SUPPLIED MATERIAL START
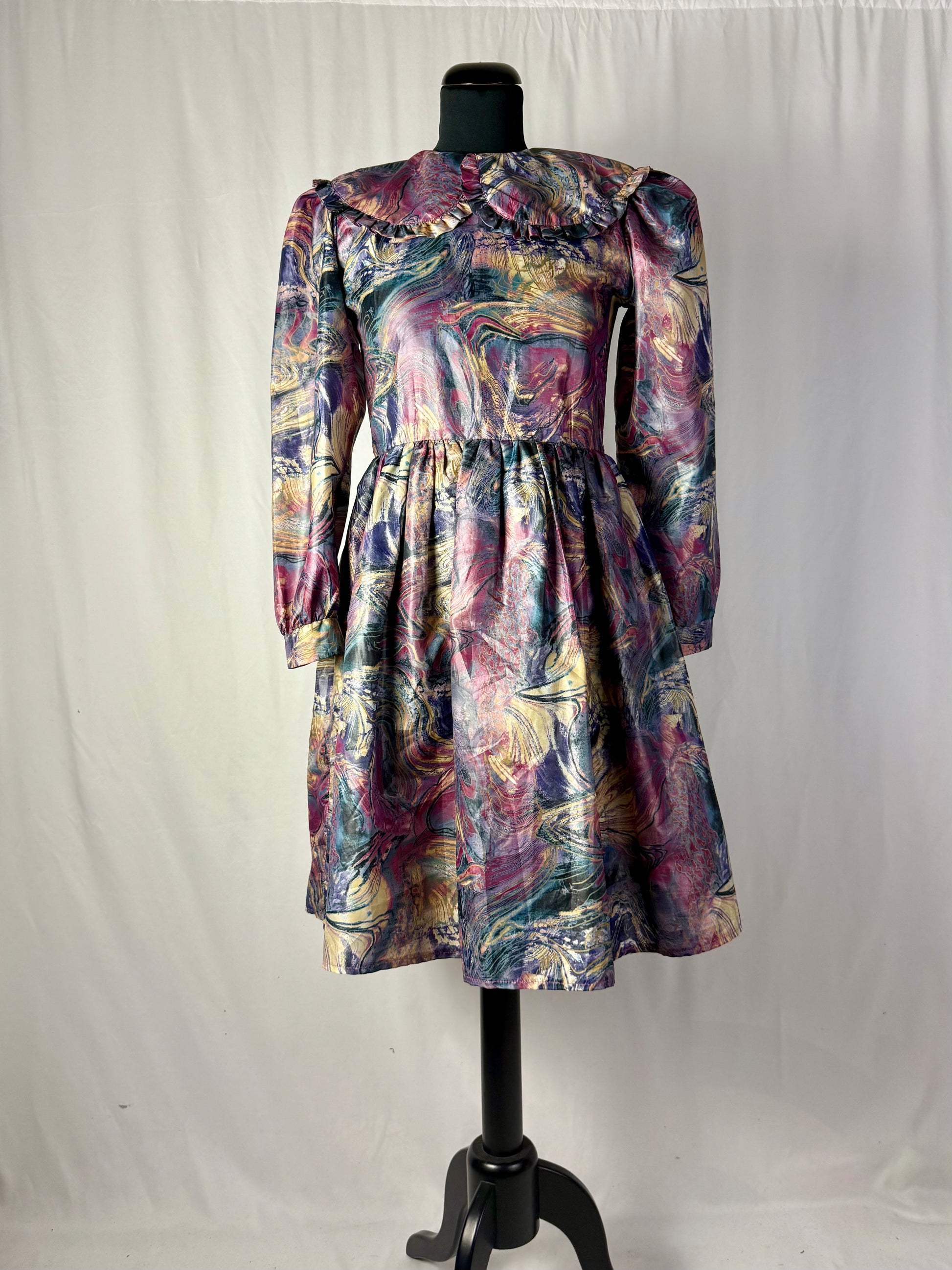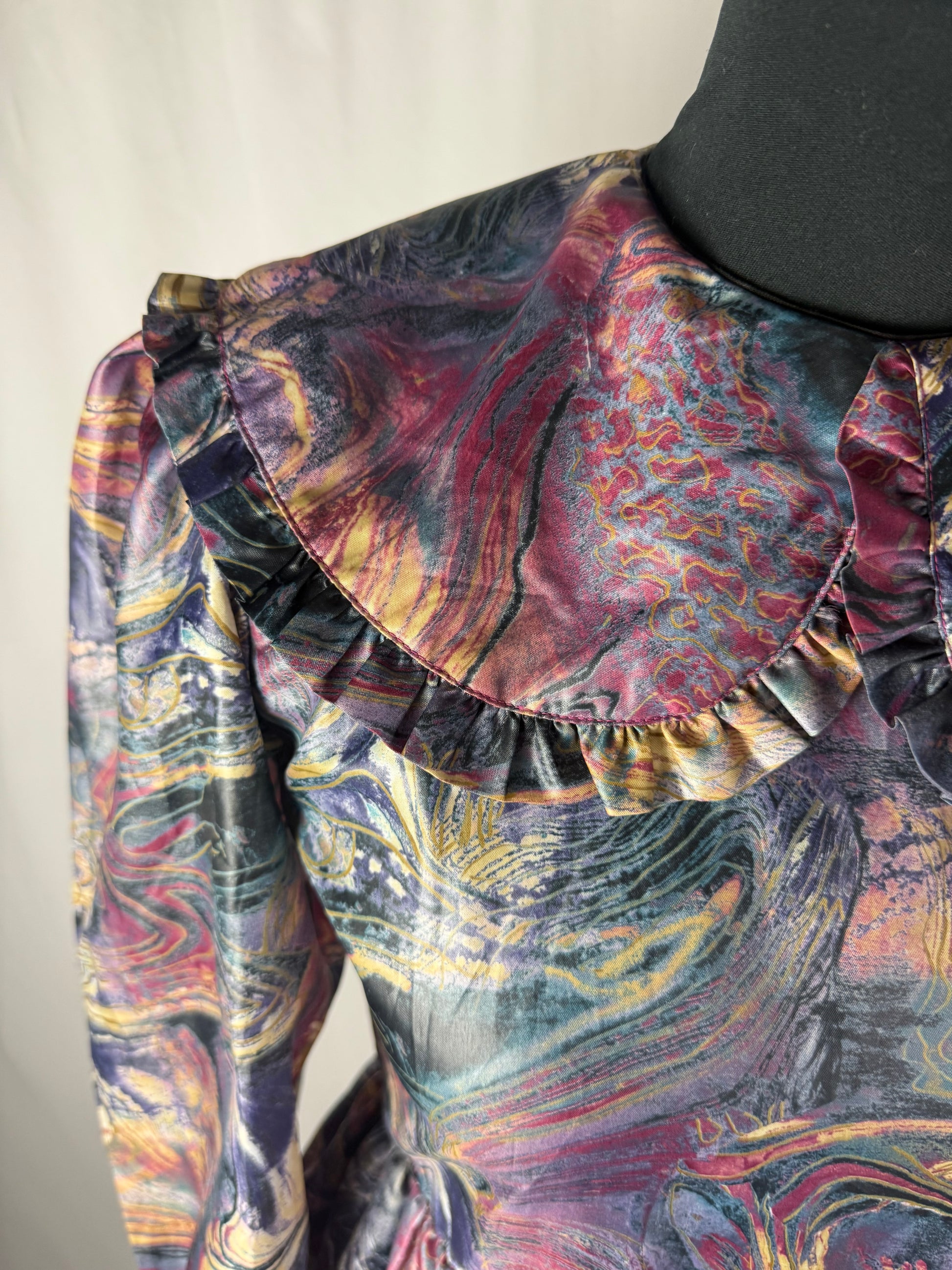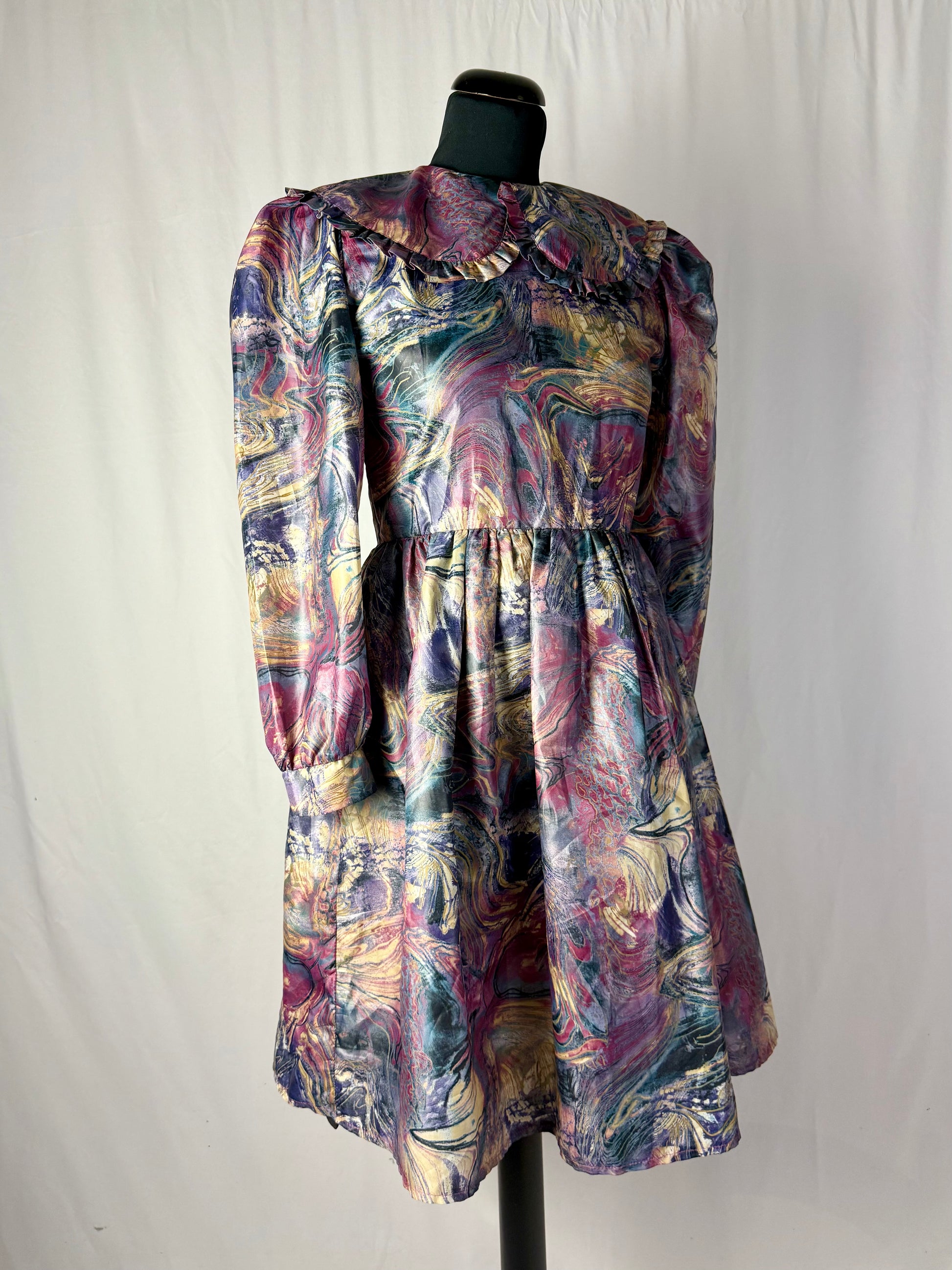 Un abito unico nel suo genere, con stampa marmorizzata multicolor nei toni del viola, blu, giallo e rosa. Il tessuto lucente e l’intramontabile linea con gonna ampia donano movimento e femminilità, mentre il maxi colletto con rouches aggiunge un tocco romantico e retrò.
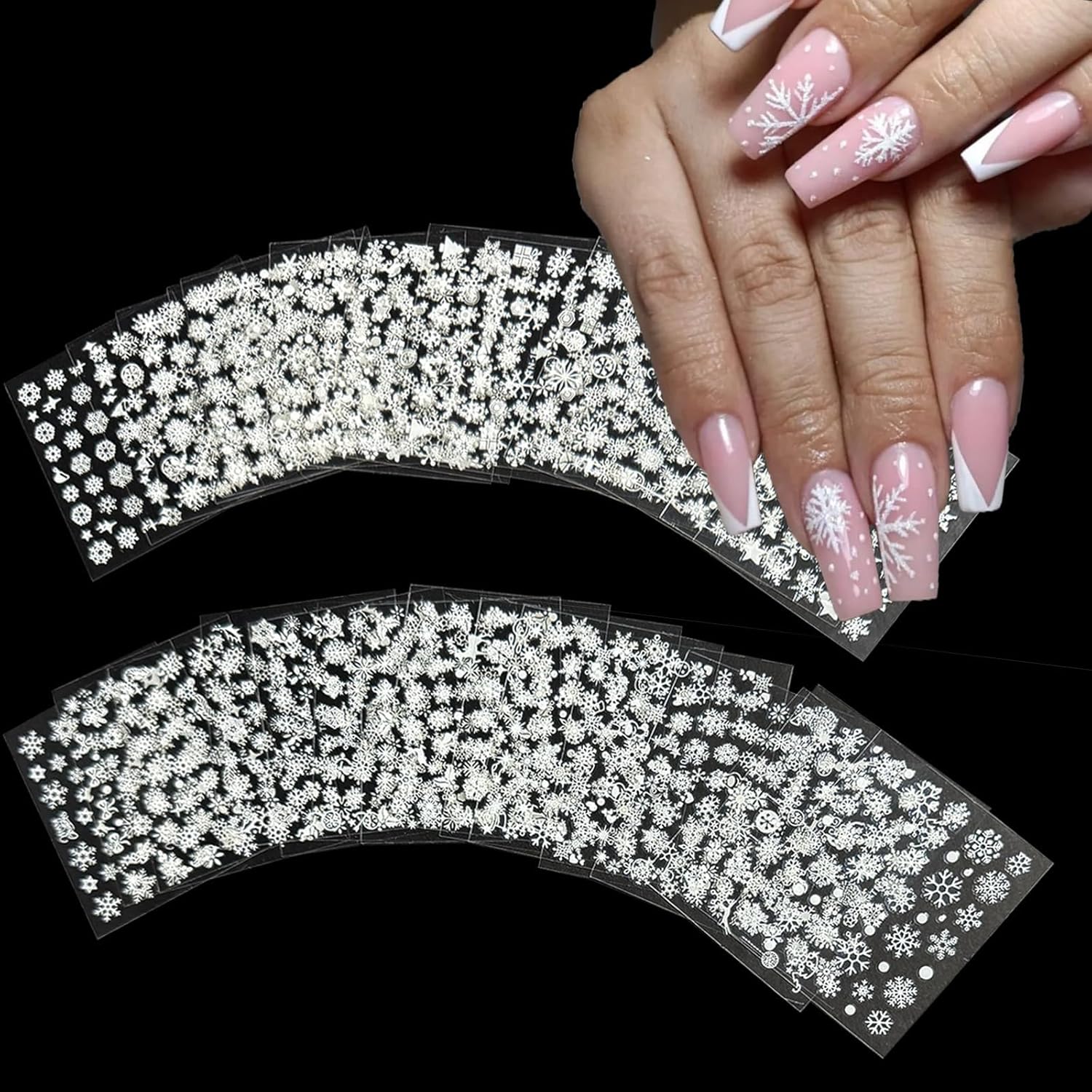 - Snowflake Nail Art Stickers: You will get 30 styles white nail decals in one set of different snowmen Santa Claus and elk shapes nail stickers, satisfy all your love for beautiful nails, a variety of elements for you to choose from to DIY your own nail art designs.
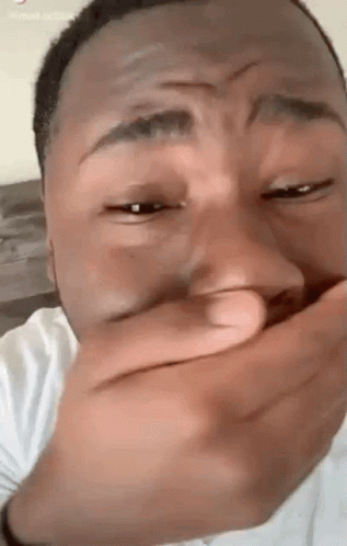 Опис на содржините: a man is covering his mouth with his hand while laughing .
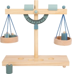 Deze stabiele houten schaalweegschaal is ideaal voor het kinderwinkeltje en het speelkeukentje thuis. Twee hangende schalen en een set van vier houten gewichten maken het kinderen mogelijk het “warenassortiment” nauwkeurig te wegen en te begrijpen hoe balans werkt. De verschuifbare contragewichten aan de armen dienen voor fijne afstelling – een geweldige manier om geduld en concentratie te trainen.
SUPPLIED MATERIAL END
TASK TO CARRY OUT
Exactly as written, return each line above and leave the pictures behind.

TASK RESPONSE
 Un abito unico nel suo genere, con stampa marmorizzata multicolor nei toni del viola, blu, giallo e rosa. Il tessuto lucente e l’intramontabile linea con gonna ampia donano movimento e femminilità, mentre il maxi colletto con rouches aggiunge un tocco romantico e retrò.
 - Snowflake Nail Art Stickers: You will get 30 styles white nail decals in one set of different snowmen Santa Claus and elk shapes nail stickers, satisfy all your love for beautiful nails, a variety of elements for you to choose from to DIY your own nail art designs.
 Опис на содржините: a man is covering his mouth with his hand while laughing .
 Deze stabiele houten schaalweegschaal is ideaal voor het kinderwinkeltje en het speelkeukentje thuis. Twee hangende schalen en een set van vier houten gewichten maken het kinderen mogelijk het “warenassortiment” nauwkeurig te wegen en te begrijpen hoe balans werkt. De verschuifbare contragewichten aan de armen dienen voor fijne afstelling – een geweldige manier om geduld en concentratie te trainen.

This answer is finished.